## [Task brief]
From the line containing "The first thing" to the line containing "A burgee brooch" in the entries below, reproduce every line exactly, ends included. Nothing else belongs in the copy, and no pictures.

## [Records provided]
_ _ _

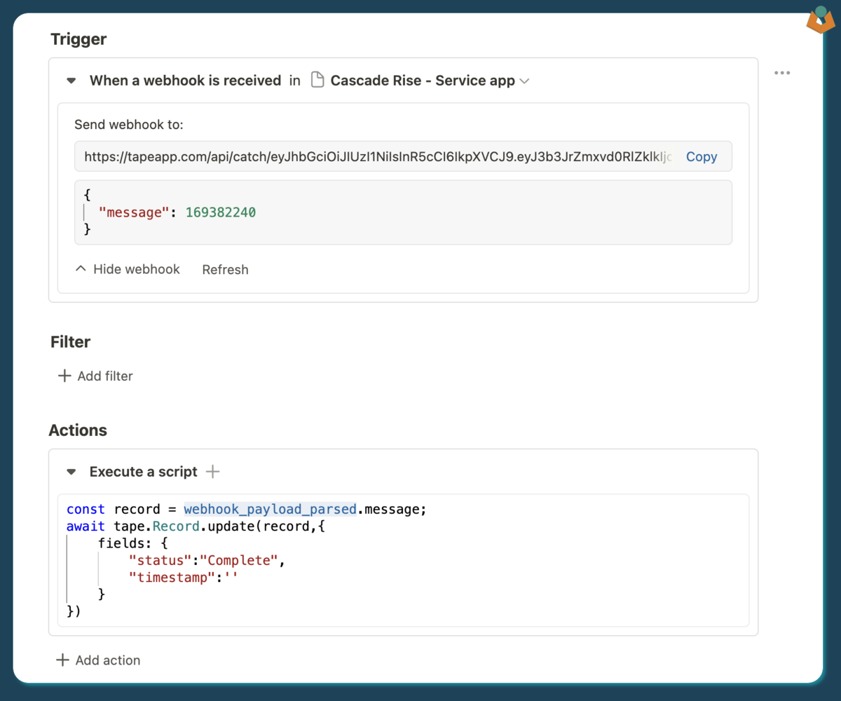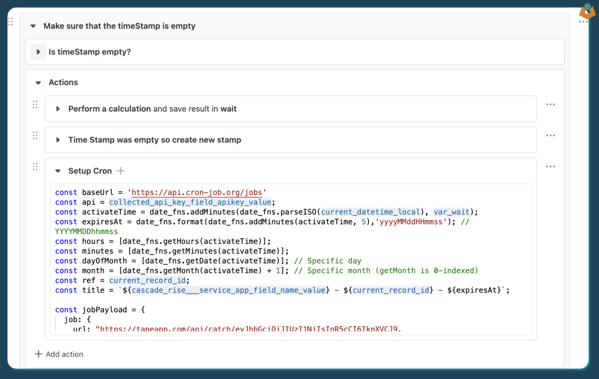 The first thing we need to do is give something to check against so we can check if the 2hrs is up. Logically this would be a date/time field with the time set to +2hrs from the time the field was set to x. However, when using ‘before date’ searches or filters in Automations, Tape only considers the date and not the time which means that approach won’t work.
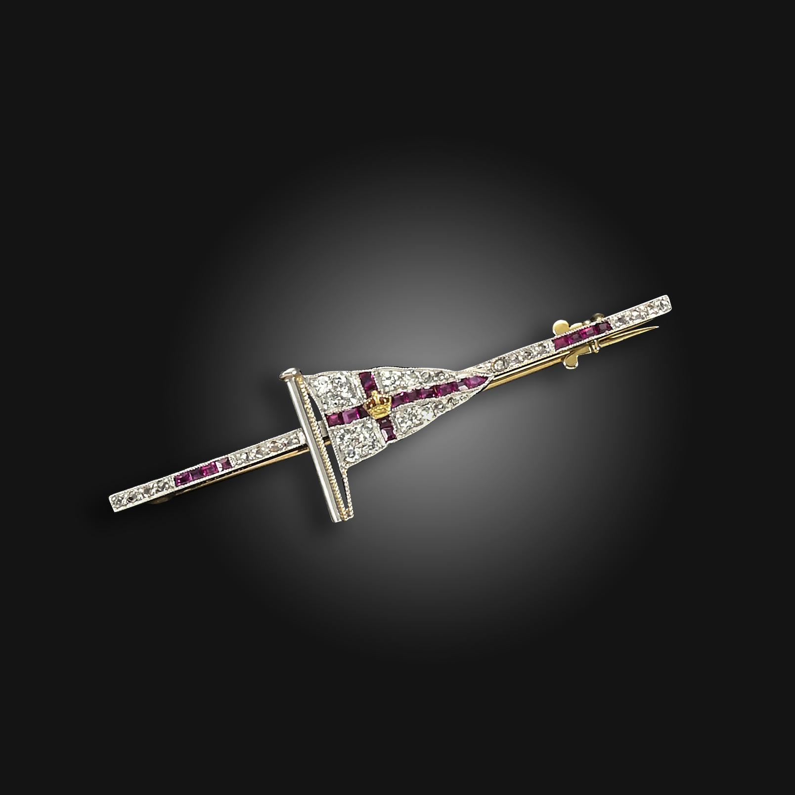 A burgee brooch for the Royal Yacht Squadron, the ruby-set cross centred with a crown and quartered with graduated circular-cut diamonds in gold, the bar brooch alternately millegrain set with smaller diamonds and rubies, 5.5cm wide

_ _ _

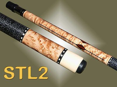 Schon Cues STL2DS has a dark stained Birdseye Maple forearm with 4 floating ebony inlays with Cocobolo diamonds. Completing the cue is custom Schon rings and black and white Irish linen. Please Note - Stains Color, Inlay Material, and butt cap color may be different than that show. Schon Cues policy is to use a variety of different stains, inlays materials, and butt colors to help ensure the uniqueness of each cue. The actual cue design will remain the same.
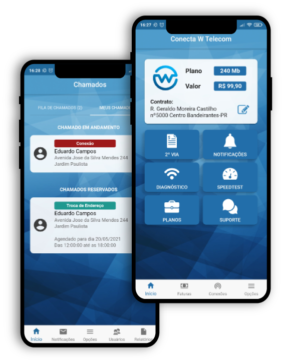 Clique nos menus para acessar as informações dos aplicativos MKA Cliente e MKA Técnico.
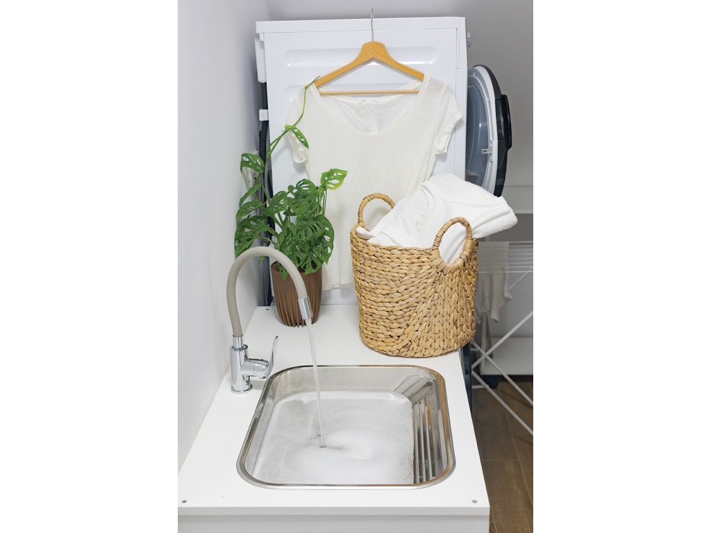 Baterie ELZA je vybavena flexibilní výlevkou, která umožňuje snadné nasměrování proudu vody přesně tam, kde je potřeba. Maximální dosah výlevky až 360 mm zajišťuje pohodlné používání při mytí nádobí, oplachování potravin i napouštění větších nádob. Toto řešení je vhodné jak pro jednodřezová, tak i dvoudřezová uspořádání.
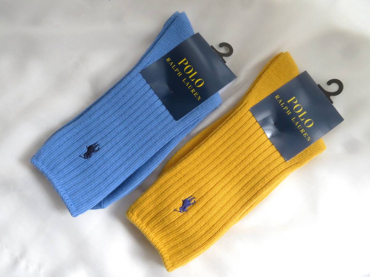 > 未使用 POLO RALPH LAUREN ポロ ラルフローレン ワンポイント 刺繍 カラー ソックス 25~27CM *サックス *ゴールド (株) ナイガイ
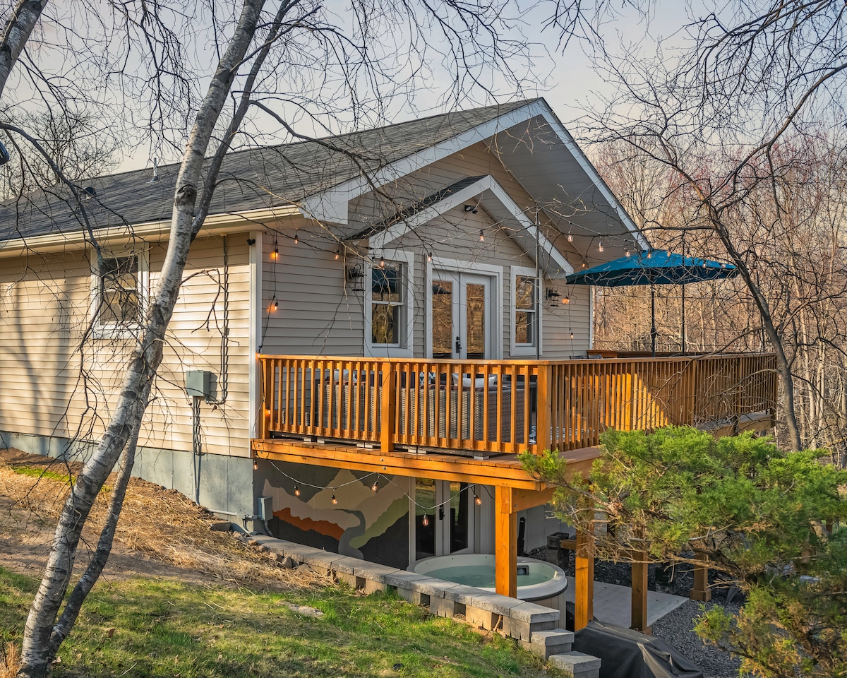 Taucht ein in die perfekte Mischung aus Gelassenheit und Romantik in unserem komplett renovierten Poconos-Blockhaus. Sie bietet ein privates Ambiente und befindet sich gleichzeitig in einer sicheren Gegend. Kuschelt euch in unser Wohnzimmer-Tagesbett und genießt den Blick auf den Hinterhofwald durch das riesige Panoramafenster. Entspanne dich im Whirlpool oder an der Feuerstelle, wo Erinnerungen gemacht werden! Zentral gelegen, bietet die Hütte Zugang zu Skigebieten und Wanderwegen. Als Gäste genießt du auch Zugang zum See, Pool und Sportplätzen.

_ _ _

## [Answer to this task]
 The first thing we need to do is give something to check against so we can check if the 2hrs is up. Logically this would be a date/time field with the time set to +2hrs from the time the field was set to x. However, when using ‘before date’ searches or filters in Automations, Tape only considers the date and not the time which means that approach won’t work.
 A burgee brooch for the Royal Yacht Squadron, the ruby-set cross centred with a crown and quartered with graduated circular-cut diamonds in gold, the bar brooch alternately millegrain set with smaller diamonds and rubies, 5.5cm wide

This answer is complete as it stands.